Here is the question to which I am referring:
Find three digit numbers that are divisible by 5 as well as 9 and whose consecutive digits are in AP.
My way to find answer:
- I first arbitrarily chosen three numbers $a-d$, $a$, $a+d$ in AP where $a-d$ is at hundreds place , $a$ is at tens place and $a+d$ is at ones place and here $d$ is the common difference.
- Then we know for a number to be divisible by $5$ it should have $0$ or $5$ at one's place so I first set $$a+d=0.\tag{1}$$ But we also know number is divisible by $9$ so $((a-d)+a)$ should be equal to $9$ or $18$ $$2a-d=9\text{ or }18. \tag{2}$$ Now I solved them simultaneously to get two values of $a$ and $d$ but one value was needed to be discarded. Same procedure I used for $$a+d=5$$ and finally I got three digit numbers whose consecutive digits are in AP Those numbers are $630$, $135$, $765$.

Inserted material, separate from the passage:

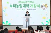 이런뉴스(e-runnews) 김삼성 기자 | 안성시는 지난 11일 안성시농업기술센터에서 ‘제23기 안성시녹색농업대학’ 개강식을 열고 본격적인 교육에 들어갔다고 밝혔다. 이날 행사에는 신입생과 동문 회원 등 80여 명이 참석해 새로운 출발을 다짐했으며, 개강식 이후에는 학과별 전문가 특강을 진행해 교육생들의 큰 호응을 얻었다. 올해 제23기 과정은 ▲농창업학과 ▲스마트 귀농귀촌학과 ▲지역농산물 개발학과 등 3개 학과로 운영된다. 최종 선발된 63명의 입학생은 오는 8월까지 약 6개월간 총 20회(90시간)에 걸쳐 체계적인 전문 교육을 받게 된다. 시 관계자는 “녹색농업대학의 힘찬 출발을 진심으로 축하하며, 이번 교육을 통해 현장 실무 능력을 갖춘 전문 농업인으로 거듭나길 기대한다”고 전했다. 한편 안성시녹색농업대학은 2025년 농촌진흥청 전국 농업인대학 운영평가 ‘대상(1위)’에 이어, 2026년 경기도 농업인대학 운영평가에서도 ‘최우수상(1위)’을 휩쓰는 등 전국 최고 수준의 전문농업인력 양성 기관으로 인정받고 있다.

So my question is that is there a way to do this problem by another way which involves more AP concepts as I think this way requires very less use of AP concepts.
I think you can use the fact that $(a-d)+a+(a+d)=3a$ is divided by $9$. From here it is clear that $a=3$ or $a=6$. Now we will use the fact that the number is divided by $5$.
If $a=6$ then $d$ must be $-1$, and if $a=3$, then $d$ can be $2$ or $-3$.